The lipstick and the pomegranate
“If you read a man's narrative, you just know it's not written by a woman,” said literary critic Muneeza Shamsie in “The Women as a Writer” on the second day of Hay. The session, moderated by Tahmima Anam, also included Indian novelists Manju Kapur and Nilanjana Roy.
The general opinion on the panel today was women rarely move beyond narrow traditional roles in male narratives. “Women and men perceive the world differently, but their works are just as significant, just as valuable. I don't need men to agree with what I write, just recognise it,” exclaimed Kapur on the subject of how work by women writers are received. A believer of “the personal is political”, Manju Kapur said that her new anthology of short stories covers themes like sexuality, motherhood, education, everything that people face.

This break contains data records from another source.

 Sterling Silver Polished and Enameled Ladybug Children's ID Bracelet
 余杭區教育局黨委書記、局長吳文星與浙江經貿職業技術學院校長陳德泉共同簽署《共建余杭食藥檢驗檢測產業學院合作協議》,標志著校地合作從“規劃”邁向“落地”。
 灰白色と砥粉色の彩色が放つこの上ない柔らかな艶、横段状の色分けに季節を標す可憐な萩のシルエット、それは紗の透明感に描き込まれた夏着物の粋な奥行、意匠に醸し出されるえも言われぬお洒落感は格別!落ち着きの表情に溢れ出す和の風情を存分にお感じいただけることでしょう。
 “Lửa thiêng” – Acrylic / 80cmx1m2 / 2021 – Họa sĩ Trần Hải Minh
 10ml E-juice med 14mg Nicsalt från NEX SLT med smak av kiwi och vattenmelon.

“You cannot escape gender,” argued Nilanjana Roy as she mulled over her book about cats. “Even in the animal kingdom. Among cats, the queens rule while the toms, like kittens, are cuffed by the queens.” She reminisced about how men in her family were great storytellers, telling fantastic stories while the rest of the family sat in awe around them. “But the real storytellers in my family were the women. There were three generations of unpublished writers before me. The repeated stories of women's lives and sexual trauma get erased, told by someone else or thrown away, so claim your space with more ferocity.”

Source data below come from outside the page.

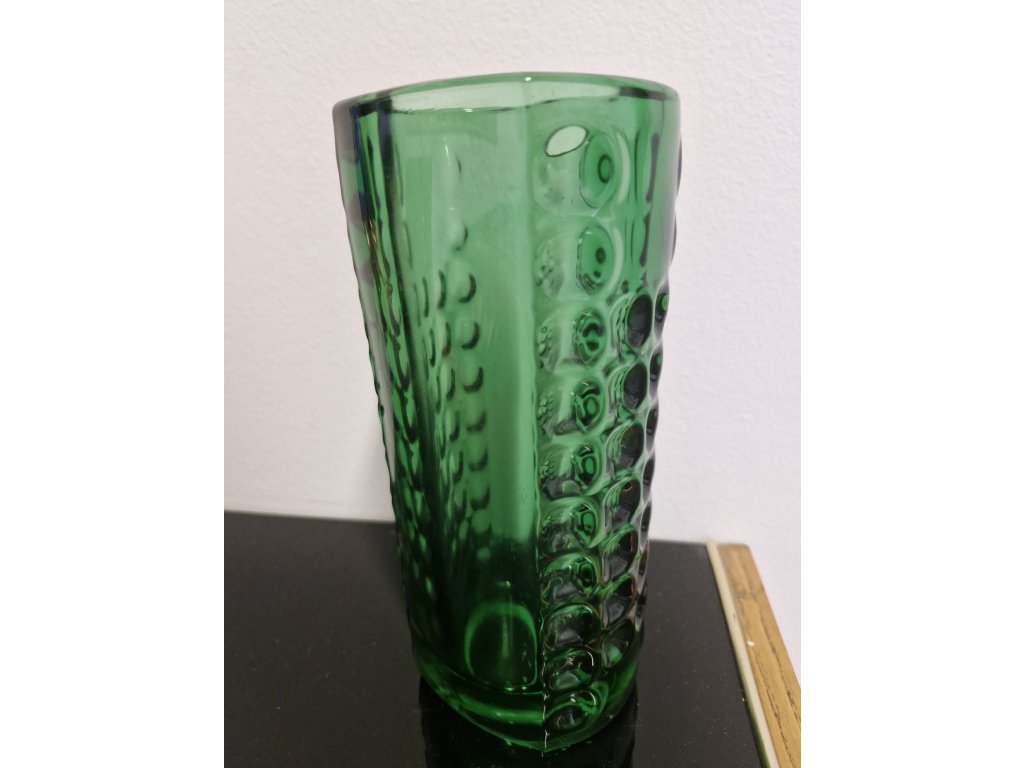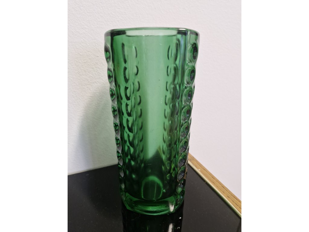Krásná váza z lisovaného skla dle autorského návrhu Rudolfa Jurnikla, sklárna Rudolfova huť, r. 1963. Výška 20 cm. Bez poškození.
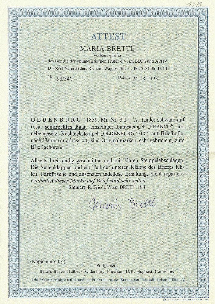 | Prüfgebiet: | Altdeutschland Oldenburg |
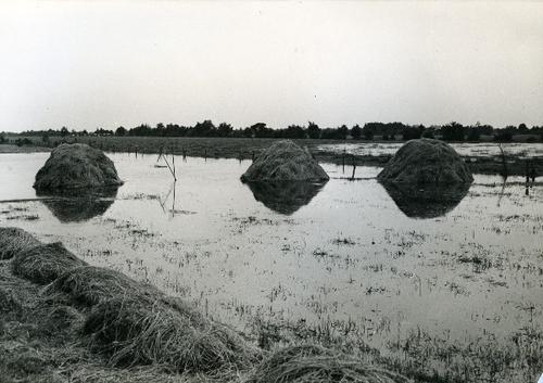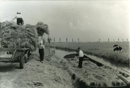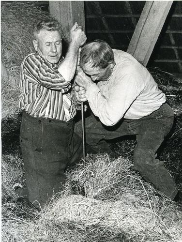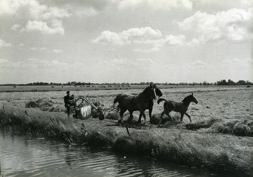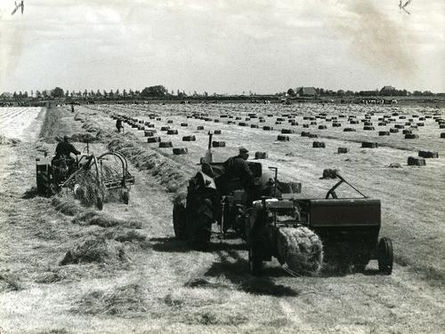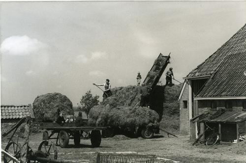 Foto in zwart-wit van het laden van hooi vanuit een ...

Muneeza Shamsie, on the other hand, came from a matriarchy of writers. “I was not aware of coming from a family of writers. I was sent away at the age of nine, and everything became so remote and dislocated.” She came into contact with the world of writing when she began her career as a freelance journalist: “My editor constantly gave me books to read and I became aware of a whole lot of activity going on in Pakistan.”

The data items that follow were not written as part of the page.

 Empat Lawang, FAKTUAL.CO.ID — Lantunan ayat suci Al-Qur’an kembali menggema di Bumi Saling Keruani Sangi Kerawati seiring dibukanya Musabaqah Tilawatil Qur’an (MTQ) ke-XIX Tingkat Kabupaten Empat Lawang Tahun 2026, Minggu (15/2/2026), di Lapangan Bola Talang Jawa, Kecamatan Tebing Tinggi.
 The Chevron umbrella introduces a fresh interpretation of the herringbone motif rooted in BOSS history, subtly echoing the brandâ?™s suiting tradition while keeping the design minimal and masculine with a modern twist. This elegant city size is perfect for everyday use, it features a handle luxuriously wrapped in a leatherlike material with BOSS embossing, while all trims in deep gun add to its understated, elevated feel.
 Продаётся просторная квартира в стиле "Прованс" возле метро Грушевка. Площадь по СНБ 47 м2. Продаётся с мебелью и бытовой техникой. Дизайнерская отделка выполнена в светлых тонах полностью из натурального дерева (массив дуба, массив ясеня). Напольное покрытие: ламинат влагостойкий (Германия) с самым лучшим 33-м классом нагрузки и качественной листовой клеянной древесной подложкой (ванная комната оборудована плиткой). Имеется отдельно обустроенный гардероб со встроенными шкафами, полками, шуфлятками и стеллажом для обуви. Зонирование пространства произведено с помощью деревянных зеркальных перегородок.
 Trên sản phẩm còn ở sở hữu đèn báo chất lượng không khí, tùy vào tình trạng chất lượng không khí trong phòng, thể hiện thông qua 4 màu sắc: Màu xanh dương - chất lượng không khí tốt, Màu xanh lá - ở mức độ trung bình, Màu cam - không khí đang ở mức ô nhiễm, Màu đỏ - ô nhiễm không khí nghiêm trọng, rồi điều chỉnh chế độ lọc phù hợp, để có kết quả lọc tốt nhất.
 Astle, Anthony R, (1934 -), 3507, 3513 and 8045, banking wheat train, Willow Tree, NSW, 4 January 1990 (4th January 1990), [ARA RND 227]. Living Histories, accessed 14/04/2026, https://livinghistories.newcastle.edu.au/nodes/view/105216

On becoming a writer, Manju Kapur said, “I didn't actually want to be a writer. I was a teacher, I had four kids; I had a house that I ran quite poorly. It actually has something to do with turning 40. Is this really all I'm going to leave behind? I think it was the environment that made it so hard to know what to do with writing. It took me three novels to call myself a writer.” Nilanjana Roy had a different experience starting out. “I found my voice on the internet, but I lost it almost immediately.” She was nearly forced out of writing and it wasn't until she started writing under the guise of a male author that the readers became more polite and welcoming of her work.
The book world, it seems, is just as sexist as the real world. Roy quoted, unhappily, “Women writers and a kind of women's writing have been invisible.” But even on a world stage, publishers and critics still stereotype, suggesting book covers such as lipstick stains and supposedly erotic pomegranates for books by women writers. In the words of Nilanjana Roy, “Just claim your space, fast.”